### Exercise:
Strip the pictures and reproduce the rest of the listing exactly.

### Task inputs:
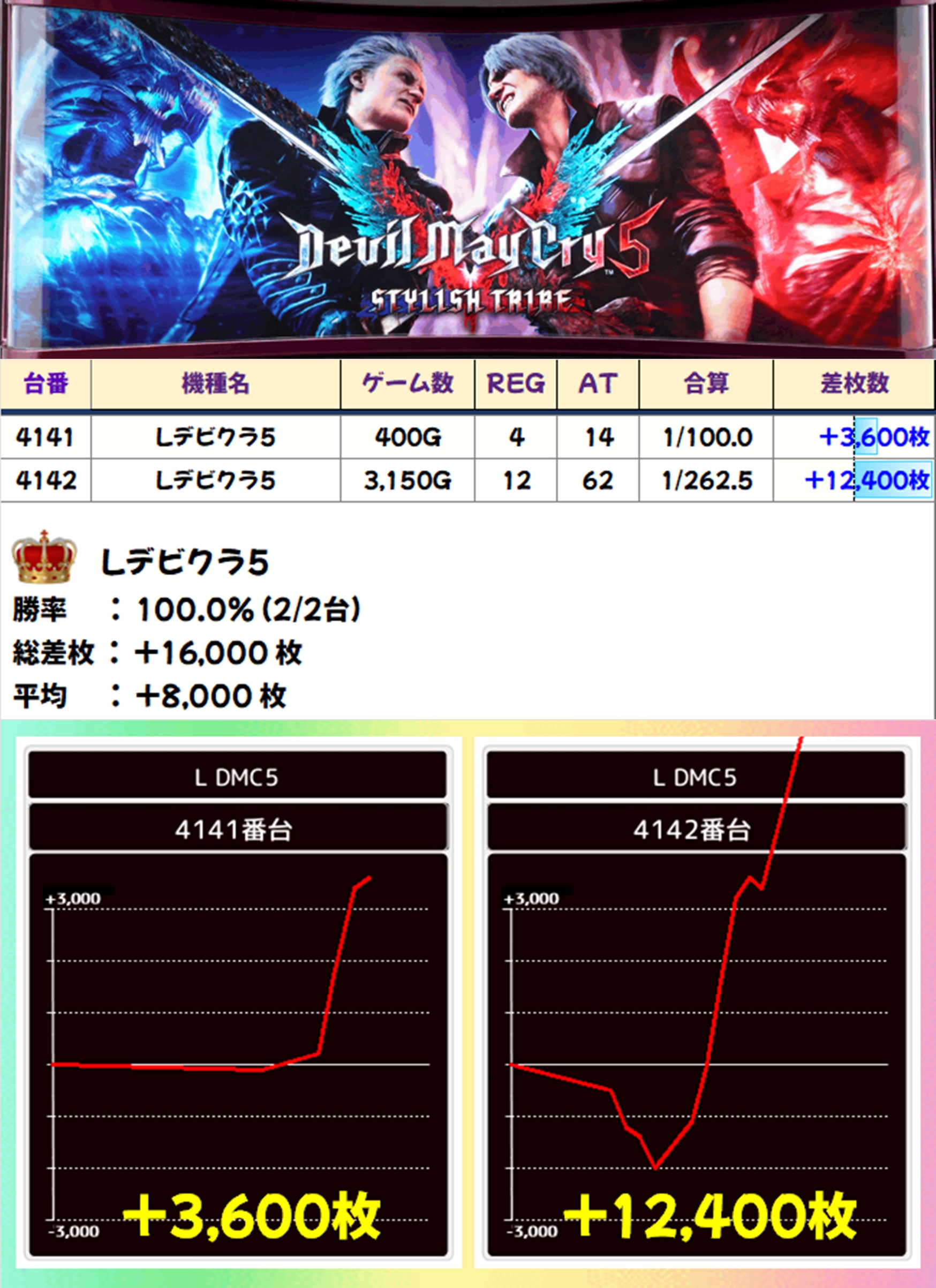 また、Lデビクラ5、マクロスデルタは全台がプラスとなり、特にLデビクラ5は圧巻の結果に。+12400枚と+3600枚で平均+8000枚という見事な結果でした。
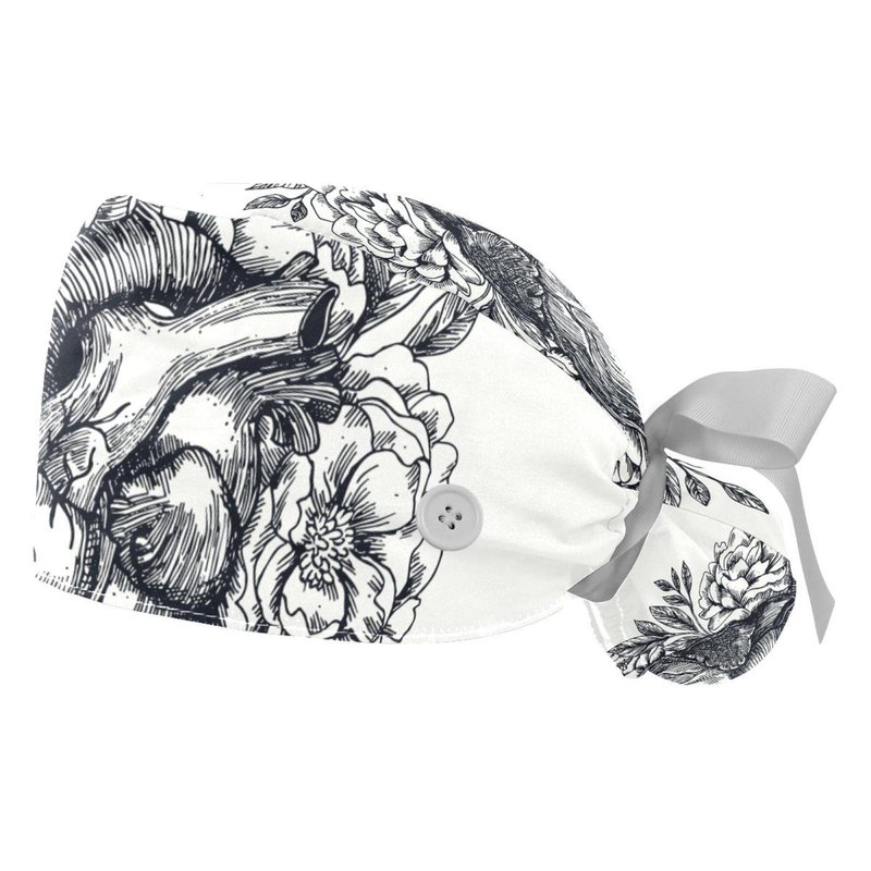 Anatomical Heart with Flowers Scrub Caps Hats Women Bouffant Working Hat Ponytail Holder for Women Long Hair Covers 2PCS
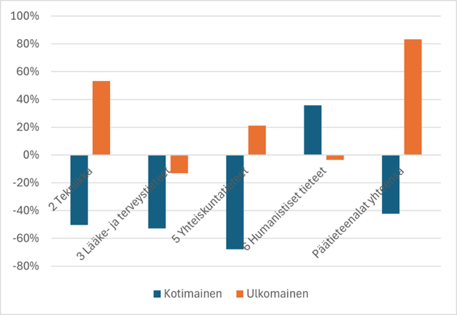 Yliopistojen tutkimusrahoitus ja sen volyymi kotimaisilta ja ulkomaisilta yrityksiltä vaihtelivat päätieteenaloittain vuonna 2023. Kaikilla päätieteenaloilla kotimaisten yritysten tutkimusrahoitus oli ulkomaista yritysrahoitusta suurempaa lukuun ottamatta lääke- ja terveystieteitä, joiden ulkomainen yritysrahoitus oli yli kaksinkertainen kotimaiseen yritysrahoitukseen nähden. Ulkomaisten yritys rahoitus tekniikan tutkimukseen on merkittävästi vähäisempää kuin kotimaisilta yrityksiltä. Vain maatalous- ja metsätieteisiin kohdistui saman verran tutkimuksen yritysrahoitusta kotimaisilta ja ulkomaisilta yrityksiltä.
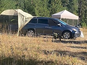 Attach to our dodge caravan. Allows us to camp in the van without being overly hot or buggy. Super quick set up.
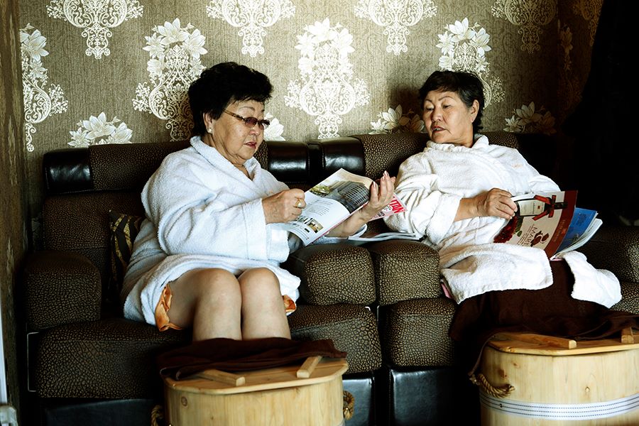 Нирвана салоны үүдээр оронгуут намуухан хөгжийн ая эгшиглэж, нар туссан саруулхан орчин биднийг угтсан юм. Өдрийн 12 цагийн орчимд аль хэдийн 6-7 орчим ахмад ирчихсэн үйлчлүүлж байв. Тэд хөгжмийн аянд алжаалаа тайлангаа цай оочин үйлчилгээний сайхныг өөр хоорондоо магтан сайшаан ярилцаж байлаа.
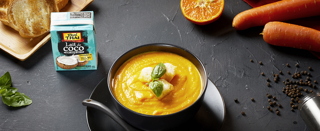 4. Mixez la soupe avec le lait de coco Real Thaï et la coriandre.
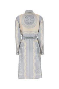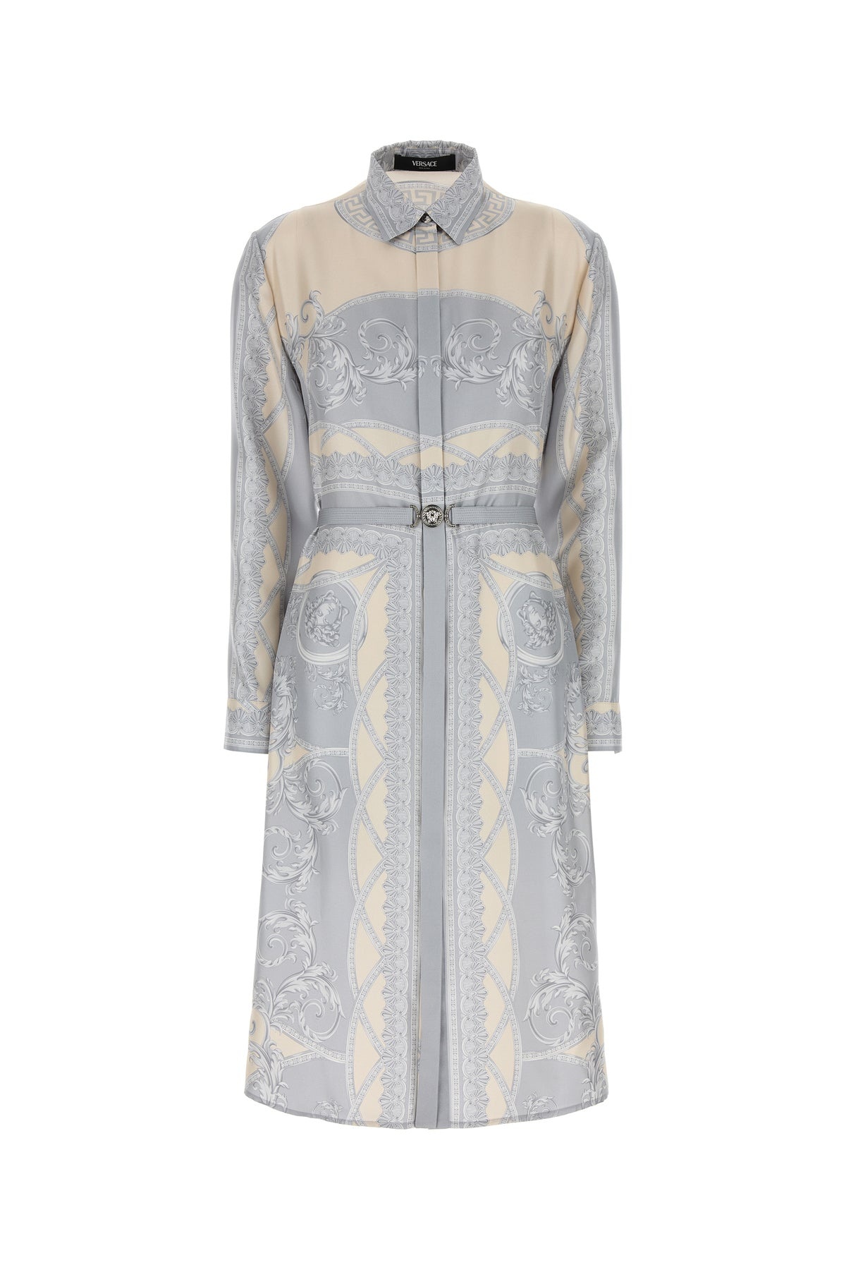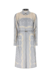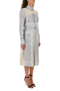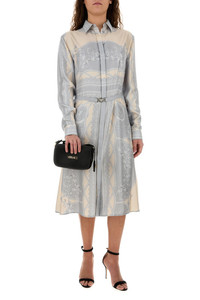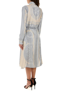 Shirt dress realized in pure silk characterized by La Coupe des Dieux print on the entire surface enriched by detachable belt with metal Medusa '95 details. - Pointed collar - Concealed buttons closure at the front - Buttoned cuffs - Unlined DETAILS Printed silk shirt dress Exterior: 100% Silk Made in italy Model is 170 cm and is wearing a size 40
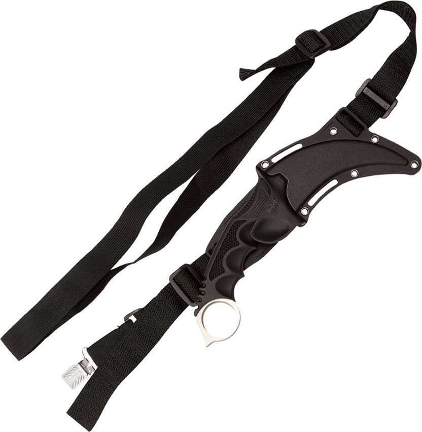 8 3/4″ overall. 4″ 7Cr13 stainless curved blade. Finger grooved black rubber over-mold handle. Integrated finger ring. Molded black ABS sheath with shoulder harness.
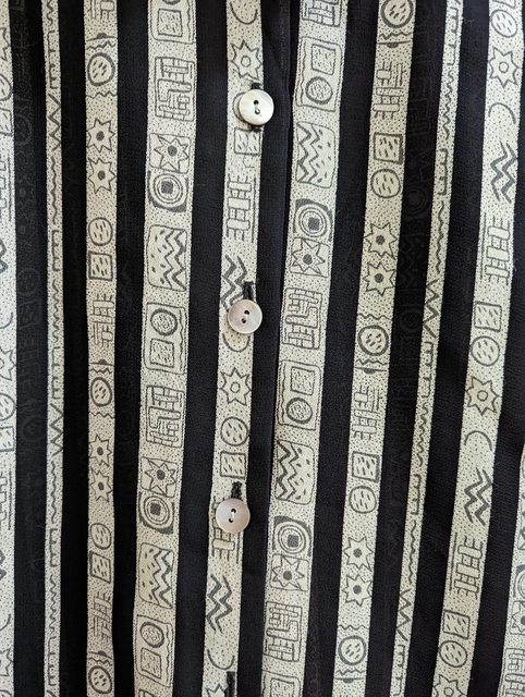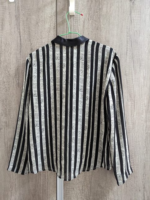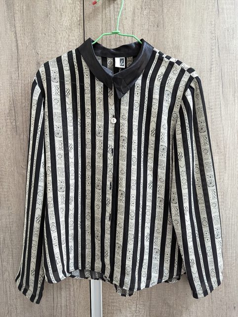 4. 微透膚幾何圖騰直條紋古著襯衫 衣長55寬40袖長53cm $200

### Exercise output:
 また、Lデビクラ5、マクロスデルタは全台がプラスとなり、特にLデビクラ5は圧巻の結果に。+12400枚と+3600枚で平均+8000枚という見事な結果でした。
 Anatomical Heart with Flowers Scrub Caps Hats Women Bouffant Working Hat Ponytail Holder for Women Long Hair Covers 2PCS
 Yliopistojen tutkimusrahoitus ja sen volyymi kotimaisilta ja ulkomaisilta yrityksiltä vaihtelivat päätieteenaloittain vuonna 2023. Kaikilla päätieteenaloilla kotimaisten yritysten tutkimusrahoitus oli ulkomaista yritysrahoitusta suurempaa lukuun ottamatta lääke- ja terveystieteitä, joiden ulkomainen yritysrahoitus oli yli kaksinkertainen kotimaiseen yritysrahoitukseen nähden. Ulkomaisten yritys rahoitus tekniikan tutkimukseen on merkittävästi vähäisempää kuin kotimaisilta yrityksiltä. Vain maatalous- ja metsätieteisiin kohdistui saman verran tutkimuksen yritysrahoitusta kotimaisilta ja ulkomaisilta yrityksiltä.
 Attach to our dodge caravan. Allows us to camp in the van without being overly hot or buggy. Super quick set up.
 Нирвана салоны үүдээр оронгуут намуухан хөгжийн ая эгшиглэж, нар туссан саруулхан орчин биднийг угтсан юм. Өдрийн 12 цагийн орчимд аль хэдийн 6-7 орчим ахмад ирчихсэн үйлчлүүлж байв. Тэд хөгжмийн аянд алжаалаа тайлангаа цай оочин үйлчилгээний сайхныг өөр хоорондоо магтан сайшаан ярилцаж байлаа.
 4. Mixez la soupe avec le lait de coco Real Thaï et la coriandre.
 Shirt dress realized in pure silk characterized by La Coupe des Dieux print on the entire surface enriched by detachable belt with metal Medusa '95 details. - Pointed collar - Concealed buttons closure at the front - Buttoned cuffs - Unlined DETAILS Printed silk shirt dress Exterior: 100% Silk Made in italy Model is 170 cm and is wearing a size 40
 8 3/4″ overall. 4″ 7Cr13 stainless curved blade. Finger grooved black rubber over-mold handle. Integrated finger ring. Molded black ABS sheath with shoulder harness.
 4. 微透膚幾何圖騰直條紋古著襯衫 衣長55寬40袖長53cm $200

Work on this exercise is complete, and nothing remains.